Personalized Immunotherapy in Sepsis

Status:
Recruiting

Trial end date:
2024-07-28

Target enrollment:
0

Participant gender:
All

Summary

Αim of ImmunoSep is to assess whether personalized adjunctive immunotherapy directed against a state of either fulminant hyper-inflammation or immunoparalysis is able to change sepsis outcomes. Patients will be selected by a panel of biomarkers and laboratory findings and will be allocated to placebo or immunotherapy treatment according to their needs.

Phase:

Phase 2

Accepts Healthy Volunteers?

Details

Lead Sponsor:

Hellenic Institute for the Study of Sepsis

Treatments:

Interleukin 1 Receptor Antagonist Protein

Criteria

Inclusion Criteria:

- Age equal to or above 18 years.

- Both genders.

- In case of women, unwillingness to become pregnant during the study period.

- Written informed consent provided by the patient or by one first-degree
relative/spouse in case of patients unable to consent.

- Community-acquired pneumonia (CAP) or hospital-acquired pneumonia (HAP) or
ventilator-associated pneumonia (VAP) or primary bacteremia (BSI).

- Sepsis defined by the Sepsis-3 definitions.
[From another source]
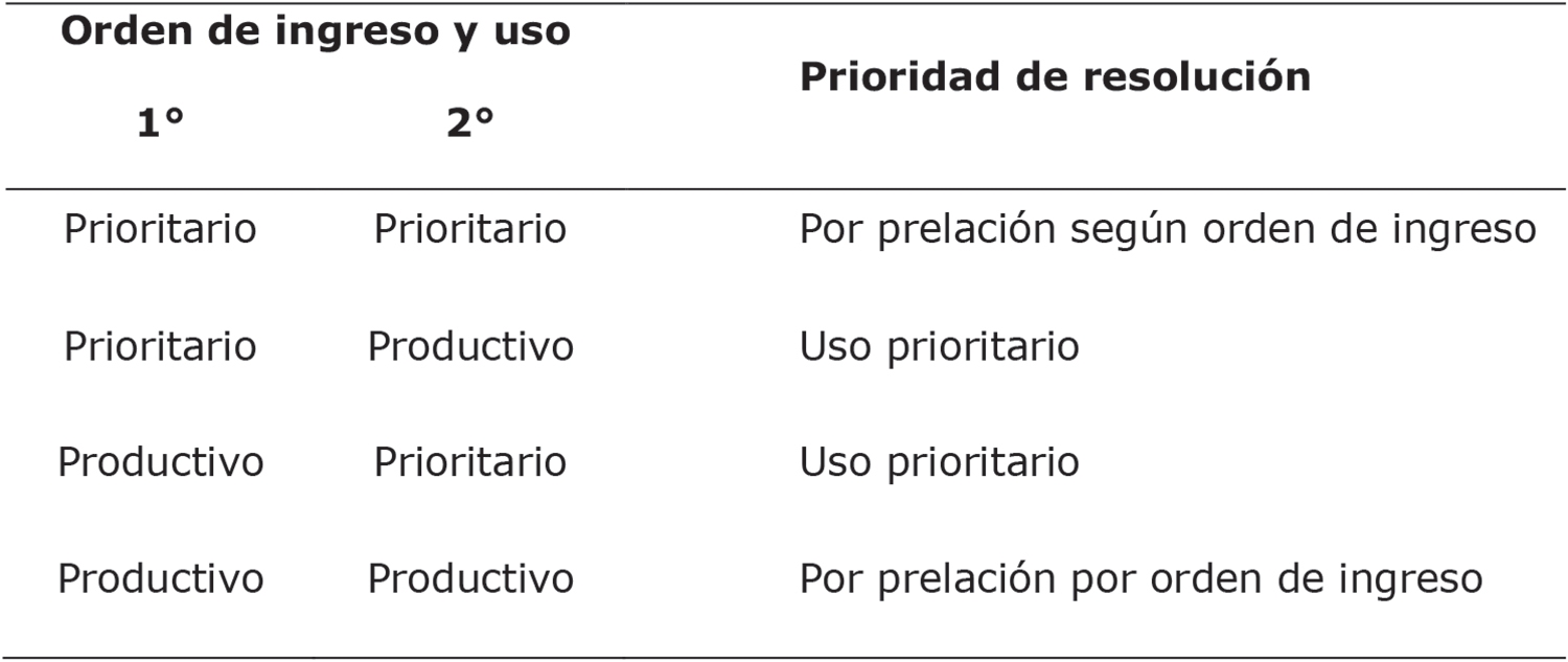 ii. Cuando la disponibilidad es suficiente para las solicitudes asociadas a usos prioritarios, se deberá asignar siguiendo el orden de prelación según la fecha de ingreso o cumpliendo los plazos legales respectivos, entendiendo que no existe restricción a la disponibilidad entre dichas solicitudes.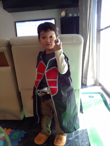 先日ウィザードのチョコボールのプレゼントに応募していたプレゼントが届きましたウィザードのコートなのですが、ちょっと大きめですが開けた瞬間に気に入り、ベルトと指輪を持ってきて『悠哉じゃないよ、ウィザードよ』と完全になりきってます喜んでくれてよかったぁ親バカながら30個も買って応募してよかったぁ中身のチョコボールはほぼママのおなかの中でした

More precisely, sepsis is defined as the
presence of total SOFA (sequential organ failure assessment score) equal to 2 or more
for patients who are admitted with infection at the emergency department OR as any
increase of admission SOFA by 2 or more points for patients already hospitalized.

- Patients with signs of fulminant hyper-inflammation or sepsis-associated
immunoparalysis as defined by ferritin and Quantibrite. Since the state of
hyper-inflammation is considered more life-threatening than the state of
immunoparalysis, patients with lab findings of both immune states are allocated to
treatment targeting hyper-inflammation. It is explicitly stated that patients
diagnosed with novel Coronavirus-2 infection (COVID-19) may participate only in the
fulminant hyper-inflammation arm

- Time from classification into sepsis by the Sepsis-3 definitions and start of blind
intervention less than 72 hours.

Exclusion Criteria:

- Age below 18 years.

- Denial for written informed consent.

- Acute pyelonephritis or intraabdominal infection, meningitis or skin infection.

- Any stage IV malignancy.

- Neutropenia defined as an absolute neutrophil count lower than 1,500/mm3.

- Any 'do not resuscitate' decision in the hospital.

- In the case of BSI, patients with blood cultures growing coagulase-negative
staphylococci or skin commensals or catheter-related infections cannot be enrolled.

- Active tuberculosis (TB) as defined by the co-administration of drugs for the
treatment of TB.

- Infection by the human immunodeficiency virus (HIV).

- Any primary immunodeficiency.

- Oral or intravenous intake of corticosteroids at a daily dose equal or greater than
0.4 mg/kg prednisone or greater the last 15 days.

- Any anti-cytokine biological treatment the last one month.

- Medical history of systemic lupus erythematosus.

- Medical history of multiple sclerosis or any other demyelinating disorder.

- Pregnancy or lactation. Women of child-bearing potential will be screened by a urine
pregnancy test before inclusion in the study.